We’ve all done it at some point, promised ourselves or others, to create a new habit. But we’ve all, probably at some point, failed to create that new habit we promised and said it was too hard and let it go. But it’s not impossible to create a new habit or change an old one, you just have to know how.

There are 3 tools

Let’s take an example. Say you want to get into the habit of reading more books. Then there are 3 things you need for your habit to actually become a habit and not a one-off.

1, you need motivation.

Just wanting to read more can be a good enough motivation, but for some of us it can be good to think about why. For example, do you want to become more generally educated by reading facts, relax by reading nice novels or read for a while instead of idly surfing? By finding out exactly what your motivation is, it will be easier for you to create the habit of reading more.

2, you need to have the ability.

In this case, it is being able to read a text or to listen to books, or a combination of both. Depending on your ability and what suits you.
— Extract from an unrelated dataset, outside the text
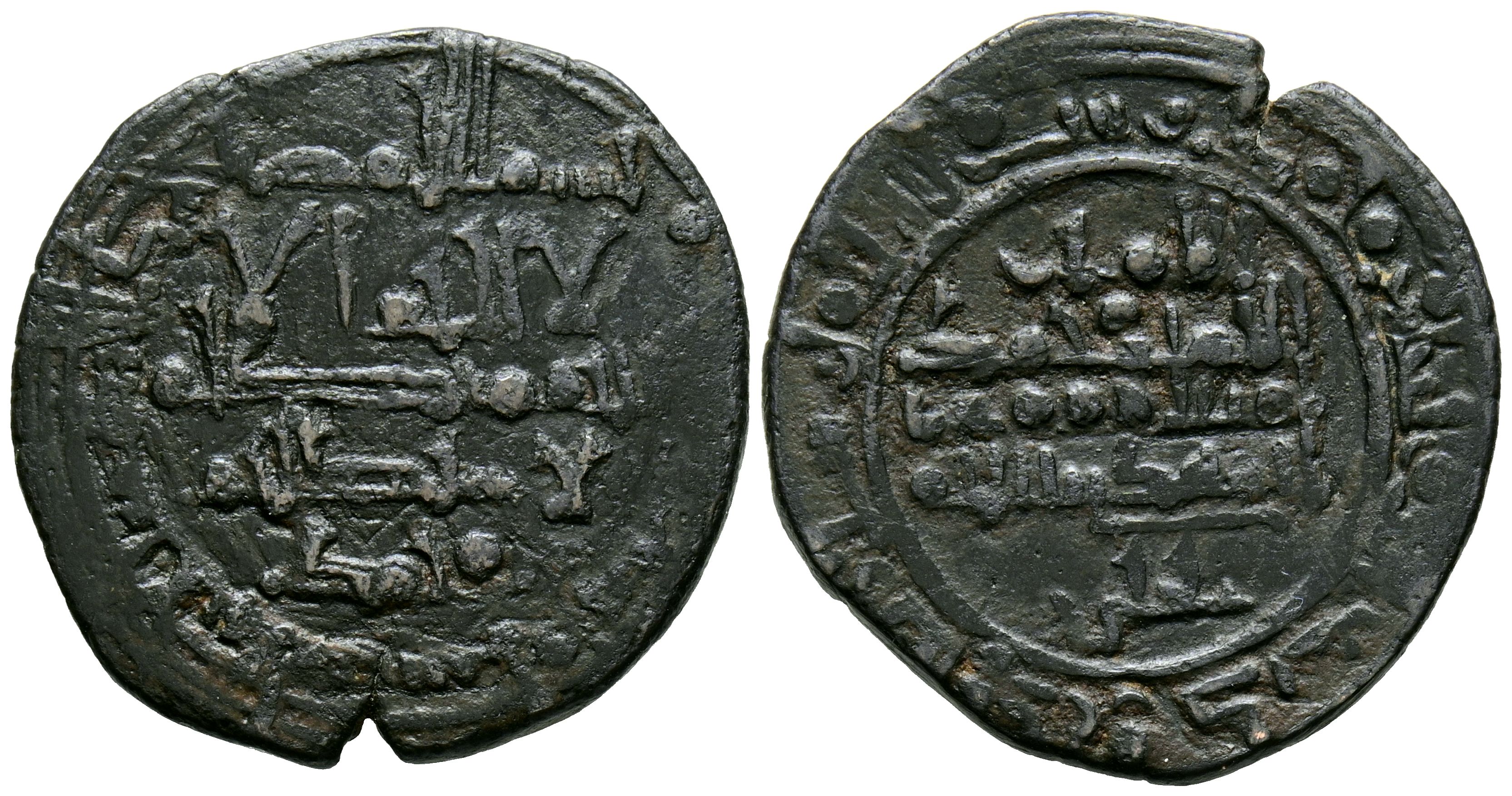 TAIFAS OF THE CALIPHATE, MÁLAGA (Hammudies). Muhammad Ibn Idris, Al-Mahdi. Dirham. (Ve. 4.43g/25mm). 440H. al-Ándalus / الاندلس. (Vives 859; Prieto 104a; Ariza Mu4.1). Citing محمد (Mohammad) in AI. and al يحيى /الامار (al-'Āmir Yahyā) in IIA. Very Fine.

3, you need a prompt, or reminder.

Here are several things you can do, depending on what your motivation is. The first thing you need is the book you are going to read, preferably lying in a place where you won’t miss it. It could also be that you block a moment in your calendar every day where you do not schedule other things, that is your reading time. And if your motivation is not to surf the web, put your phone somewhere else when it’s time to read. That way, you won’t be tempted to look at it, but can concentrate on your reading.

The tools works

The best thing about these 3 tools is that they can be applied to most things you want to do, both at work and at home. Tip is to do something that you actually want to do and to think about creating a habit in small steps. Maybe you shouldn’t read a whole book a day, start with a chapter and don’t forget to remind yourself that you’ve done well when you’re done. Celebrating when we achieve a goal helps us succeed.